AI-ACCELERATED DRUG DISCOVERY
Available from Reaxense
This protein is integrated into the Receptor.AI ecosystem as a prospective target with high therapeutic potential. We performed a comprehensive characterization of Kinesin-like protein KIF11 including:
1. LLM-powered literature research
Our custom-tailored LLM extracted and formalized all relevant information about the protein from a large set of structured and unstructured data sources and stored it in the form of a Knowledge Graph. This comprehensive analysis allowed us to gain insight into Kinesin-like protein KIF11 therapeutic significance, existing small molecule ligands, relevant off-targets, and protein-protein interactions.
Fig. 1. Preliminary target research workflow
2. AI-Driven Conformational Ensemble Generation
Starting from the initial protein structure, we employed advanced AI algorithms to predict alternative functional states of Kinesin-like protein KIF11, including large-scale conformational changes along "soft" collective coordinates. Through molecular simulations with AI-enhanced sampling and trajectory clustering, we explored the broad conformational space of the protein and identified its representative structures. Utilizing diffusion-based AI models and active learning AutoML, we generated a statistically robust ensemble of equilibrium protein conformations that capture the receptor's full dynamic behavior, providing a robust foundation for accurate structure-based drug design.
Fig. 2. AI-powered molecular dynamics simulations workflow
3. Binding pockets identification and characterization
We employed the AI-based pocket prediction module to discover orthosteric, allosteric, hidden, and cryptic binding pockets on the protein’s surface. Our technique integrates the LLM-driven literature search and structure-aware ensemble-based pocket detection algorithm that utilizes previously established protein dynamics. Tentative pockets are then subject to AI scoring and ranking with simultaneous detection of false positives. In the final step, the AI model assesses the druggability of each pocket enabling a comprehensive selection of the most promising pockets for further targeting.

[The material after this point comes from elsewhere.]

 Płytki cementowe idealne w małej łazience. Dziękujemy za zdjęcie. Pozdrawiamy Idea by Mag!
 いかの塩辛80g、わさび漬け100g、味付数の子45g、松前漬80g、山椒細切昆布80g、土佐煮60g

Fig. 3. AI-based binding pocket detection workflow
4. AI-Powered Virtual Screening
Our ecosystem is equipped to perform AI-driven virtual screening on Kinesin-like protein KIF11. With access to a vast chemical space and cutting-edge AI docking algorithms, we can rapidly and reliably predict the most promising, novel, diverse, potent, and safe small molecule ligands of Kinesin-like protein KIF11. This approach allows us to achieve an excellent hit rate and to identify compounds ready for advanced lead discovery and optimization.

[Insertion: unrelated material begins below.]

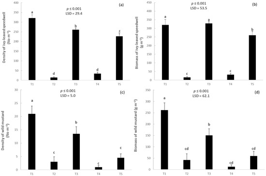 Figure 2. Density of ivy-leaved speedwell (a), biomass of ivy-leaved speedwell (b), density of wild mustard (c), and biomass of wild mustard (d). Vertical bars denote standard errors of the means, and different lowercase letters indicate statistically significant differences between the treatments (according to Fisher’s LSD test) (T1: normal seedbed, T2: normal seedbed followed by early post-emergence herbicide application, T3: false seedbed, T4: false seedbed followed by early post-emergence herbicide application, T5: stale seedbed).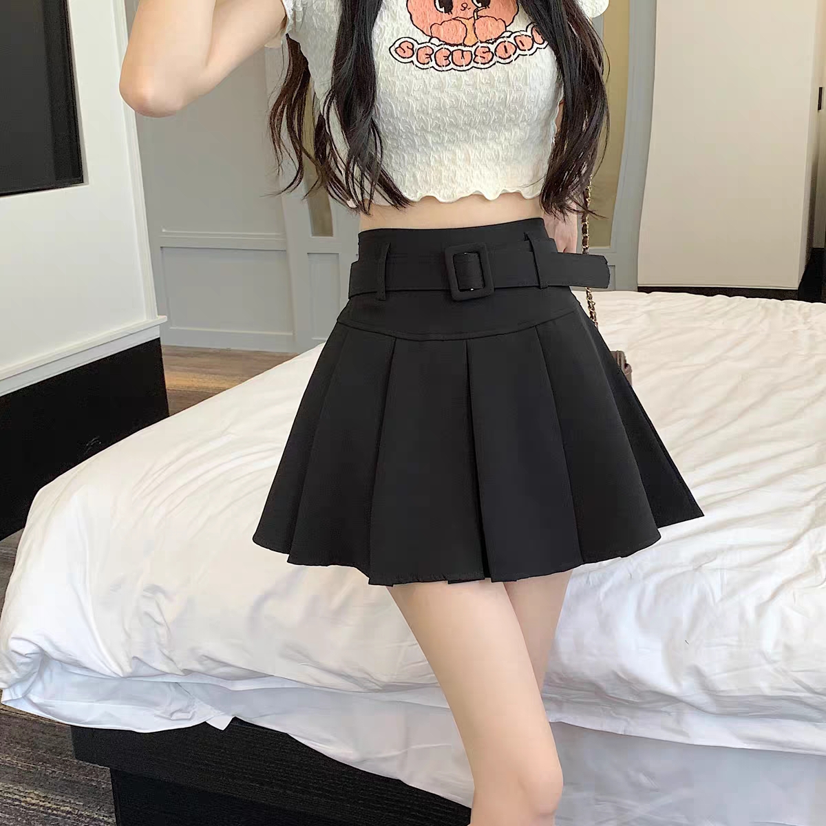 Summer Spring Girl Women White Black Pink High Waist Belt Pleated Skirt

Fig. 4. The screening workflow of Receptor.AI
Receptor.AI, in partnership with Reaxense, developed a next-generation technology for on-demand focused library design to enable extensive target exploration.
The focused library for Kinesin-like protein KIF11 includes a list of the most effective modulators, each annotated with 38 ADME-Tox and 32 physicochemical and drug-likeness parameters. Furthermore, each compound is shown with its optimal docking poses, affinity scores, and activity scores, offering a detailed summary.
Kinesin-like protein KIF11
partner:
Reaxense
upacc:
P52732
UPID:
KIF11_HUMAN
Alternative names:
Kinesin-like protein 1; Kinesin-like spindle protein HKSP; Kinesin-related motor protein Eg5; Thyroid receptor-interacting protein 5
Alternative UPACC:
P52732; A0AV49; B2RMV3; Q15716; Q5VWX0
Background:
Kinesin-like protein KIF11, also known as Kinesin-like spindle protein HKSP, plays a pivotal role in cell division by establishing a bipolar spindle during mitosis. Beyond its critical function in mitosis, KIF11 is essential for the transport of secretory proteins from the Golgi complex to the cell surface in non-mitotic cells, showcasing its versatility in cellular operations.
Therapeutic significance:
KIF11's involvement in Microcephaly with or without chorioretinopathy, lymphedema, or impaired intellectual development highlights its potential as a therapeutic target. Understanding the role of Kinesin-like protein KIF11 could open doors to potential therapeutic strategies for treating this complex disorder.